Chapter 7 bankruptcy differs from Chapter 13 bankruptcy again in
that with Chapter 13 bankruptcy, the debtor has to negotiate with
each creditor to pay a portion of what they owe over a three to five
year period under a schedule approved by the court. Therefore,
there are pros and cons to filing for both Chapter 13 and Chapter 7
bankruptcies.
To file for Chapter 7 bankruptcy, you will have to file a sworn list of
creditors, a schedule of assets and liabilities, a list of exempt
property, a schedule of current income and expenditures and a
statement of your financial affairs. You will also have to surrender all
property of the estate to the trustee. The court will then give notice
of the Chapter 7 bankruptcy to your creditors.
The court may then dismiss a Chapter 7 bankruptcy if the debtor unreasonably delays the proceedings to the creditors'
prejudice, fails to pay necessary fees or payments or fails to file his or her schedules.
There are many individuals and companies available to help you with filing for Chapter 7 bankruptcy.

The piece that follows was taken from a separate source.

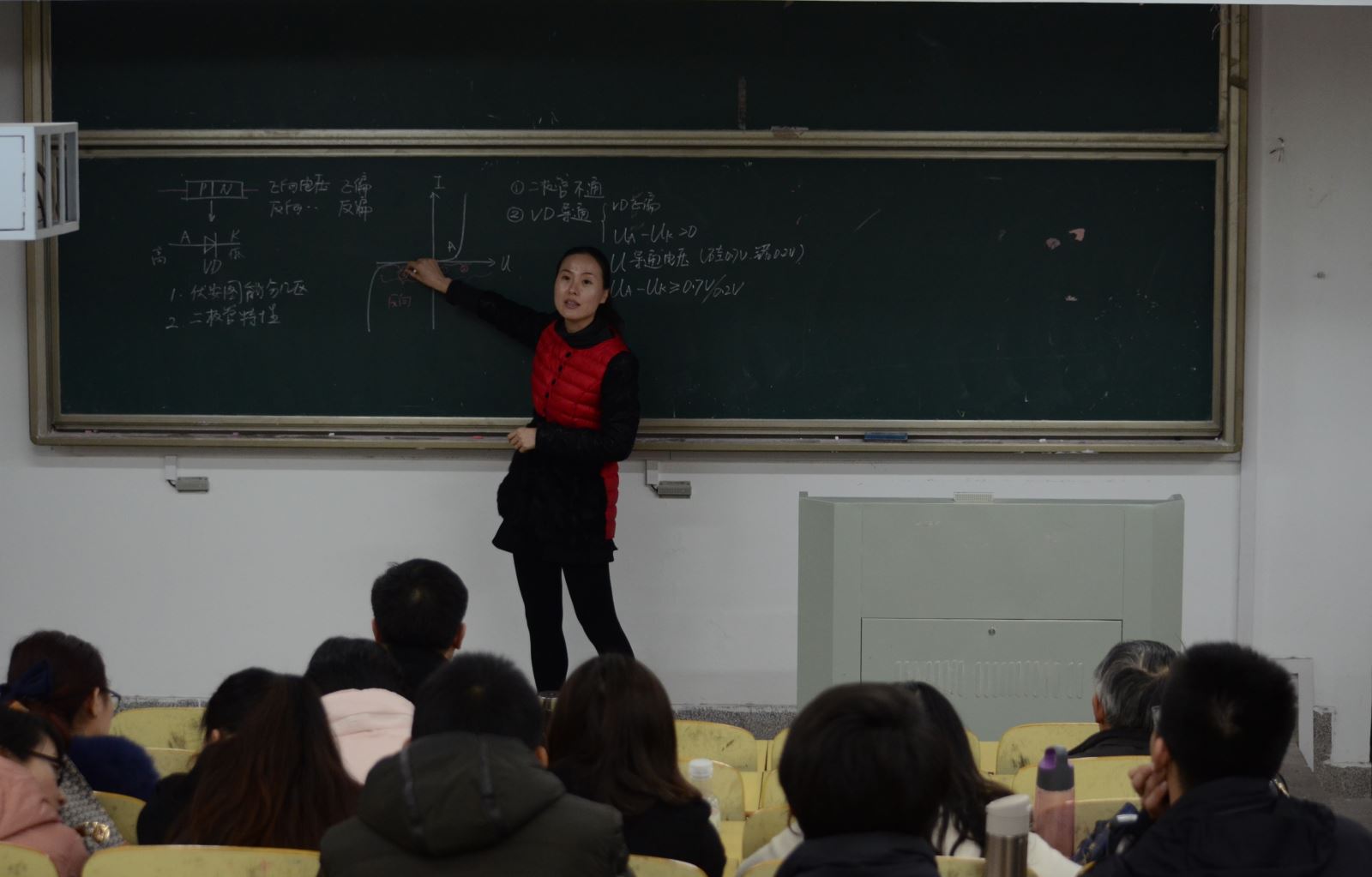 最后一位上臺展示的鐘曉旭老師采用了傳統的板書方式。她講課的內容為“二極管電路”。鐘老師由“PN結正偏,反偏現象”,入題,由此衍生二極管概念,再經由例題講解了二極管的特性以及在實際中的應用。三十分鐘的課程緊扣學生的實際學習狀況,鐘老師溫文爾雅的教態,循循善誘的講解拉近了枯燥的專業知識和學生之間的距離。

These people and
organizations can give you advice on how to avoid filing for bankruptcy (through processes such as debt consolidation) and
help you step by step if you do decide to file for Chapter 7 bankruptcy.
The best advice is to not have to file for bankruptcy. Bankruptcy stays on your credit report for years to come and even with
Chapter 7 bankruptcy, not all types of debts can be erased, so you will still be paying back creditors if you owe certain kinds
of unremovable debts. Make sure you seek legal or credit counseling before you file for any type of bankruptcy so you can
make sure that you are choosing the right options for you and your debts.